→ **MATERIAL PROVIDED**
<<<<
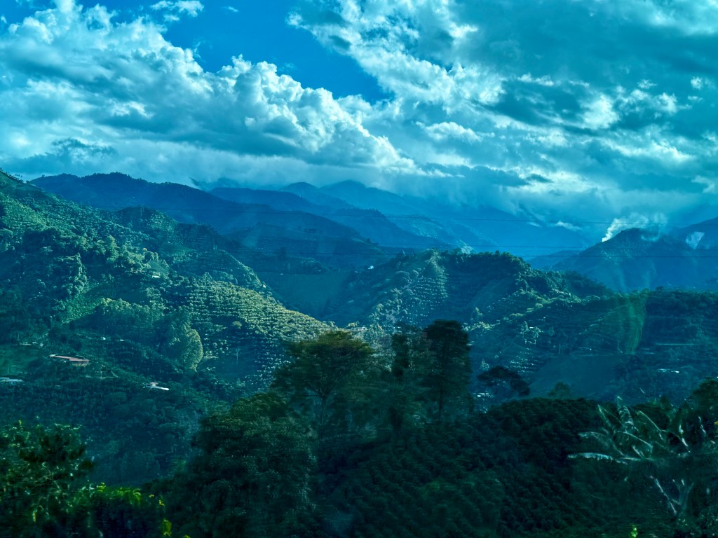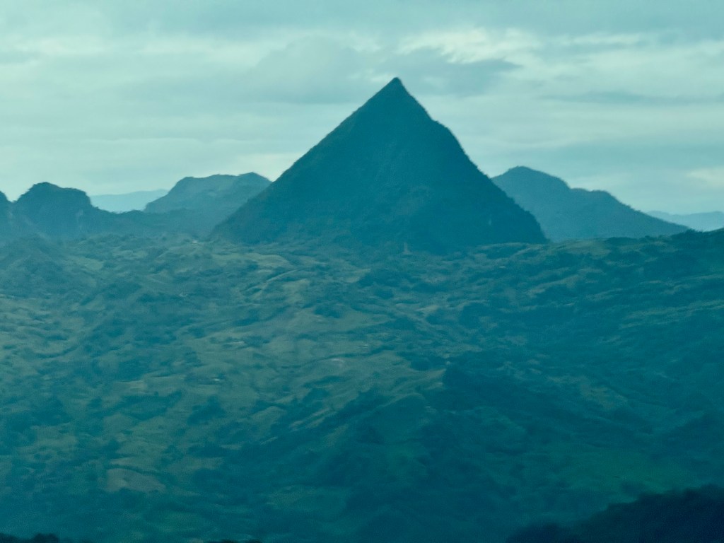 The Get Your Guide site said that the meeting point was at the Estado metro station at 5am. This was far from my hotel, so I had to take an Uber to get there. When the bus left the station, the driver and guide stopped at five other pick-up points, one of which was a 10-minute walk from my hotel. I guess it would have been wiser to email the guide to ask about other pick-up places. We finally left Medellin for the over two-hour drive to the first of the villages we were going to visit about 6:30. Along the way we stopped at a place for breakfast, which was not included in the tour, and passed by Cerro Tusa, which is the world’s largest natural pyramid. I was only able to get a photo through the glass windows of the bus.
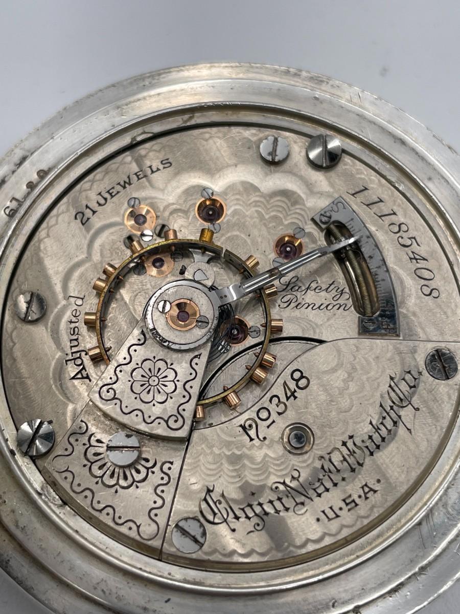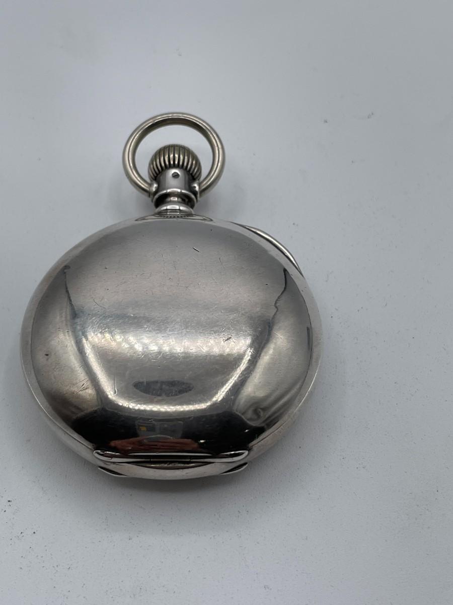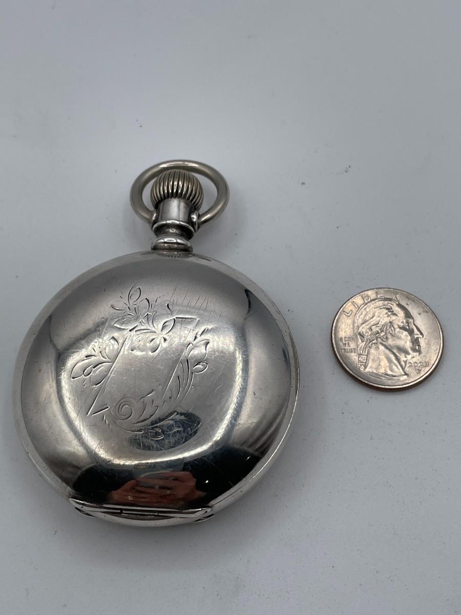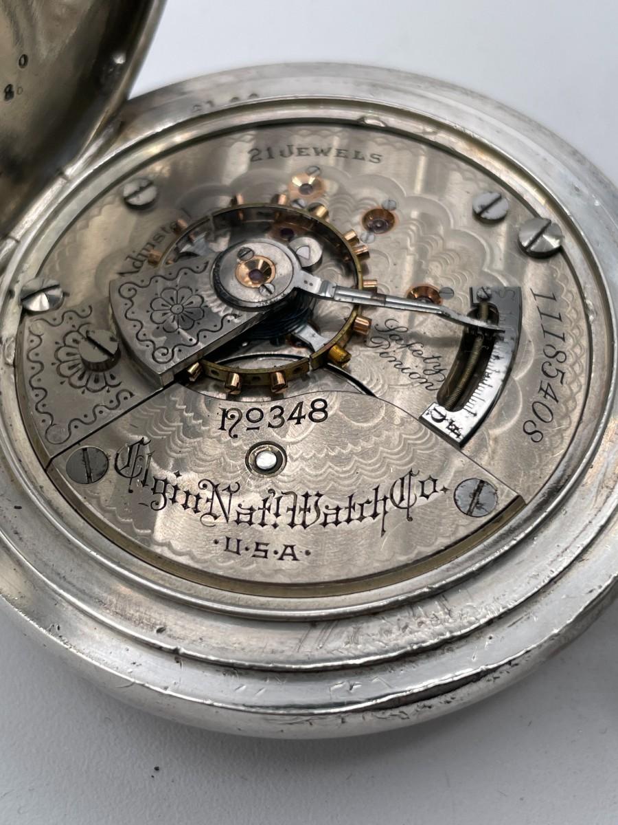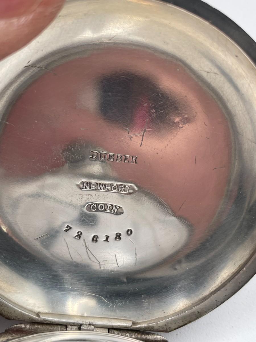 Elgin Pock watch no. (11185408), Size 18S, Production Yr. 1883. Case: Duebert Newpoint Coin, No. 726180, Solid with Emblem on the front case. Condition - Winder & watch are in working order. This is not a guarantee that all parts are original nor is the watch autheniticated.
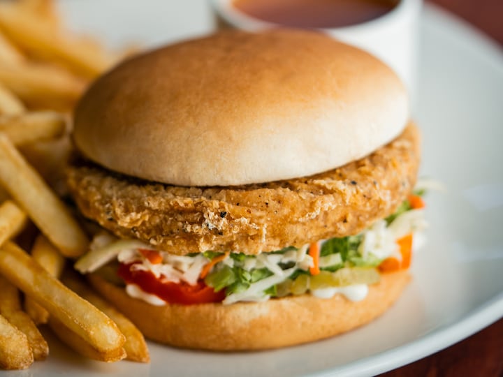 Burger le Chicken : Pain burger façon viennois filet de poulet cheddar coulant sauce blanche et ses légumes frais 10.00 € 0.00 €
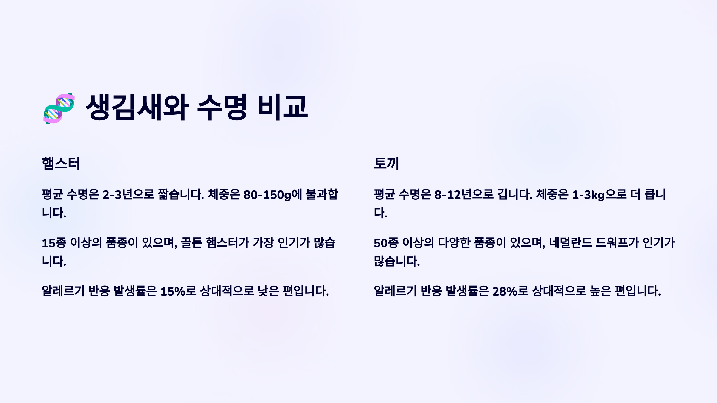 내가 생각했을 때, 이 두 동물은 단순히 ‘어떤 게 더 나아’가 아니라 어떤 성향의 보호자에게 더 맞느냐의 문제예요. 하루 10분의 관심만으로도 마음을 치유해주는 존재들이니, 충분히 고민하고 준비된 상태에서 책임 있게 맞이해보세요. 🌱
>>>>
→ **WORK TO COMPLETE**
All of the material above should be reproduced exactly, except the pictures.

→ **WRITTEN RESPONSE**
 The Get Your Guide site said that the meeting point was at the Estado metro station at 5am. This was far from my hotel, so I had to take an Uber to get there. When the bus left the station, the driver and guide stopped at five other pick-up points, one of which was a 10-minute walk from my hotel. I guess it would have been wiser to email the guide to ask about other pick-up places. We finally left Medellin for the over two-hour drive to the first of the villages we were going to visit about 6:30. Along the way we stopped at a place for breakfast, which was not included in the tour, and passed by Cerro Tusa, which is the world’s largest natural pyramid. I was only able to get a photo through the glass windows of the bus.
 Elgin Pock watch no. (11185408), Size 18S, Production Yr. 1883. Case: Duebert Newpoint Coin, No. 726180, Solid with Emblem on the front case. Condition - Winder & watch are in working order. This is not a guarantee that all parts are original nor is the watch autheniticated.
 Burger le Chicken : Pain burger façon viennois filet de poulet cheddar coulant sauce blanche et ses légumes frais 10.00 € 0.00 €
 내가 생각했을 때, 이 두 동물은 단순히 ‘어떤 게 더 나아’가 아니라 어떤 성향의 보호자에게 더 맞느냐의 문제예요. 하루 10분의 관심만으로도 마음을 치유해주는 존재들이니, 충분히 고민하고 준비된 상태에서 책임 있게 맞이해보세요. 🌱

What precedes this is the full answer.